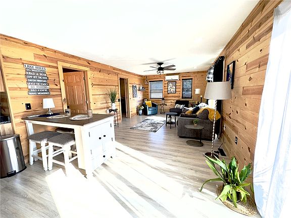 Nestled in a picturesque lakeside setting, this home offers a serene retreat where you can relax and unwind.The highlight of this home is the upper deck, with breathtaking views. This spacious outdoor area provides an ideal space for entertaining or simply enjoying the peaceful ambiance of the surroundings. Imagine when the 4th of July arrives, you'll have a front-row seat to the dazzling fireworks, creating a truly magical experience. Inside, the cabin-like atmosphere welcomes you with its inviting charm. Walls finished in knotty pine lend a rustic feel, perfect for lazy weekends.
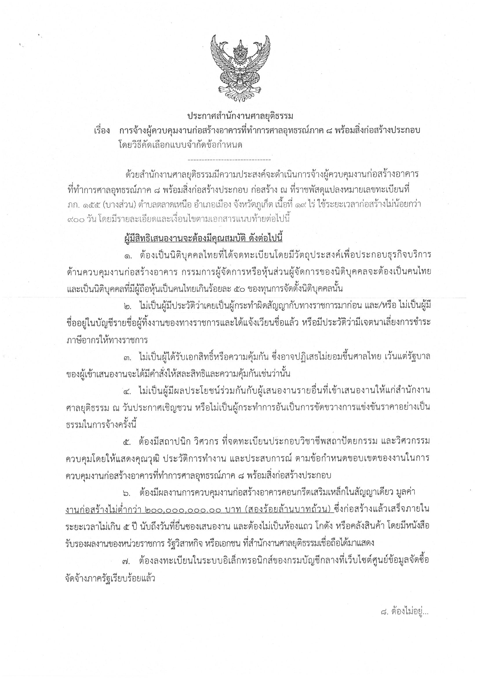 Home » News » ประกาศสำนักงานศาลยุติธรรม เรื่อง การจ้างผู้ควบคุมงานก่อสร้างอาคารที่ทำการศาลอุทธรณ์ภาค 8
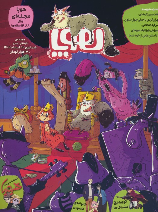 شمارهی دوازدهم، جشن دوسالگی مجلهی هوپاست! تبریک! قوطی کنسرویان، دمدبیر شیطونبلای مجله، ما را با هفتسین گربهای آشنا میکند، و یک کارت تبریک جذاب همراه مجله برایمان میفرستد. با راز زندگی جاودان پرندهای به نام «ققنوس» آشنا میشویم. از کتاب «تهجدولیهای 10» رونمایی میکنیم. قسمت هفتم «کمیکاستریپ هیمیا» را میخوانیم که به جاهای جذابی رسیده! یاد میگیریم «چیزکیک میوهای» درست کنیم. با زندگی «لوییس بریل» مخترع خط بریل آشنا میشویم. دربارهی ورزش «کوآدبال» میخوانیم که از دل کتابهای هریپاتر بیرون آمده، به زندگی «خانوادهی جاسوس» سرک میکشیم، از ماجرای باستانی «تختجمشید» باخبر میشویم و کلی داستان خندهدار و شعر و مطالب آموزنده میخوانیم. با معرفی شخصیت جدید: چیلیچهلستون (پسرعموی جیگیجهانگرد) که دراین شماره رفته تهرانگردی و ما را با دیدنیهای شهر تهران آشنا کرده.
================================
* Assigned task *
When you write out the material, reproduce each line exactly and omit any picture it holds.

* Response to the exercise *
 Nestled in a picturesque lakeside setting, this home offers a serene retreat where you can relax and unwind.The highlight of this home is the upper deck, with breathtaking views. This spacious outdoor area provides an ideal space for entertaining or simply enjoying the peaceful ambiance of the surroundings. Imagine when the 4th of July arrives, you'll have a front-row seat to the dazzling fireworks, creating a truly magical experience. Inside, the cabin-like atmosphere welcomes you with its inviting charm. Walls finished in knotty pine lend a rustic feel, perfect for lazy weekends.
 Home » News » ประกาศสำนักงานศาลยุติธรรม เรื่อง การจ้างผู้ควบคุมงานก่อสร้างอาคารที่ทำการศาลอุทธรณ์ภาค 8
 شمارهی دوازدهم، جشن دوسالگی مجلهی هوپاست! تبریک! قوطی کنسرویان، دمدبیر شیطونبلای مجله، ما را با هفتسین گربهای آشنا میکند، و یک کارت تبریک جذاب همراه مجله برایمان میفرستد. با راز زندگی جاودان پرندهای به نام «ققنوس» آشنا میشویم. از کتاب «تهجدولیهای 10» رونمایی میکنیم. قسمت هفتم «کمیکاستریپ هیمیا» را میخوانیم که به جاهای جذابی رسیده! یاد میگیریم «چیزکیک میوهای» درست کنیم. با زندگی «لوییس بریل» مخترع خط بریل آشنا میشویم. دربارهی ورزش «کوآدبال» میخوانیم که از دل کتابهای هریپاتر بیرون آمده، به زندگی «خانوادهی جاسوس» سرک میکشیم، از ماجرای باستانی «تختجمشید» باخبر میشویم و کلی داستان خندهدار و شعر و مطالب آموزنده میخوانیم. با معرفی شخصیت جدید: چیلیچهلستون (پسرعموی جیگیجهانگرد) که دراین شماره رفته تهرانگردی و ما را با دیدنیهای شهر تهران آشنا کرده.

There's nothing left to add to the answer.